Sun Protection

Minor Ailment

What is sun damage?

Over exposure to the sun and artificial ultraviolet (UV) radiation can cause sunburn, skin and eye damage, premature aging, wrinkling, brown pigmentation and cancer.

UV radiation can pass through water, and clouds do not block out UV radiation.

Your skin becomes more tanned as a response to sun damage and will start to become darker. The outer layers become thicker in order to provide better protection against sun rays. However, the harmful rays are still able to get through this natural barrier. That is why additional protection is important to prevent damage to the deeper layers of your skin.

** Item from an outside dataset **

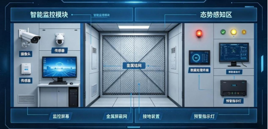 屏蔽效能在线监测:核心优势。可实时监测屏蔽机房的整体效能,一旦发现异常衰减(如因门体密封老化、接缝氧化导致),系统立即报警。这改变了国防领域传统依赖“定期送检”的模式,实现了7x24小时不间断的自身安全状态感知,符合战备值班要求。

Certain medications can also increase your skin’s sensitivity to the sun, some examples include:

  • Certain Antibiotics (eg. Doxycycline, Ciprofloxacin)
  • Certain blood pressure medications (eg. Hydrochlorothiazide)
  • Certain acne medications (Eg. Isotretinoin)
  • Ketoprofen gel

How to prevent sun damage?

  • Frequently apply sunscreen with Sun Protection Factor (SPF) 30 or higher to maintain protection
  • Dry your skin well before applying sunscreen
  • Apply sunscreen 20 to 30 minutes before going into the sun
  • Apply sunscreen generously and evenly over the exposed areas of the whole body
  • Wait for the sunscreen to dry before putting on your clothes or makeup
  • If you apply non-water resistant sunscreen, you should reapply it after every swim or after heavy perspiration. Make sure your skin is dry first before applying.
  • If you apply water-resistant sunscreen, you should reapply it every two hours or every hour if you have been swimming.
  • Wear sun-protective clothing
  • Put on a hat to protect your scalp and face
  • Avoid prolonged exposure to the sun
  • Wear sunglasses to protect your eyes
  • Use SPF-containing lip balm on your lips

What are the symptoms of sun burn?

The symptoms of this condition can include the following:

  • Changes in skin tone, such as pinkness or redness
  • Skin that feels warm or hot to the touch
  • Pain and tenderness
  • Swelling
  • Small fluid-filled blisters, which may break
  • Headache, fever, nausea and fatigue – If the sunburn is severe
  • Eyes that feel painful or gritty

What can I do to treat sunburn?

Sunburn can be treated in the following ways and you can approach your pharmacist to get the following medications.

  • Aloe vera gel (Gels with no alcohol content are preferred)
  • Calamine lotion
  • Scent-free moisturizers
  • Hydrating gels
  • Paracetamol
  • Ibuprofen

When do I need to see a doctor?

Although sunburn can be treated without a doctor’s consultation, there are times where the condition might be more serious.

If your condition does not get better in 1 week or gets worse, you should see a doctor. You should also see a doctor if you experience any of the following:

  • Freckle, mole or spot that appears or changes colour, size or shape
  • Any unusual skin conditions that do not heal within 4 weeks
  • The sunburnt person is younger than 1 year old
  • The burn has blisters or the skin looks white and feels numb
  • The sunburn is accompanied by:
  • Fever above 38.5°C
  • Headache
  • Severe pain
  • Dehydration
  • Confusion
  • Nausea
  • Chills

What else can I do to manage this condition?

Other than using medications to treat the condition, sunburn can also be managed by the following methods:

  • Cooling the skin by cleaning with a towel dampened with cool tap water
  • Taking a cool water bath
  • Drinking enough water
  • Protecting the sun burn from further exposure to sun
  • Avoid products that can irritate the skin (eg. Certain pimple gels)
  • Never apply ice or ice water directly to a burn



This article is jointly developed by members of the National Medication Information workgroup. The workgroup consists of cluster partners (National Healthcare Group, National University Health System and SingHealth), community pharmacies (Guardian, Unity and Watsons) and Pharmaceutical Society of Singapore. The content does not reflect drug availability and supply information in pharmacies and healthcare institutions. You are advised to check with the respective institutions for such information.

The content above is solely for informational purposes only and is not intended as a substitute for the advice provided by your physician, pharmacist or other healthcare professional. You should not use the information for diagnosing or treating a health problem or disease, or prescribing any medication or other treatment. Always speak with your physician, pharmacist or other healthcare professional before taking any medication or supplement, or adopting any treatment for a health problem.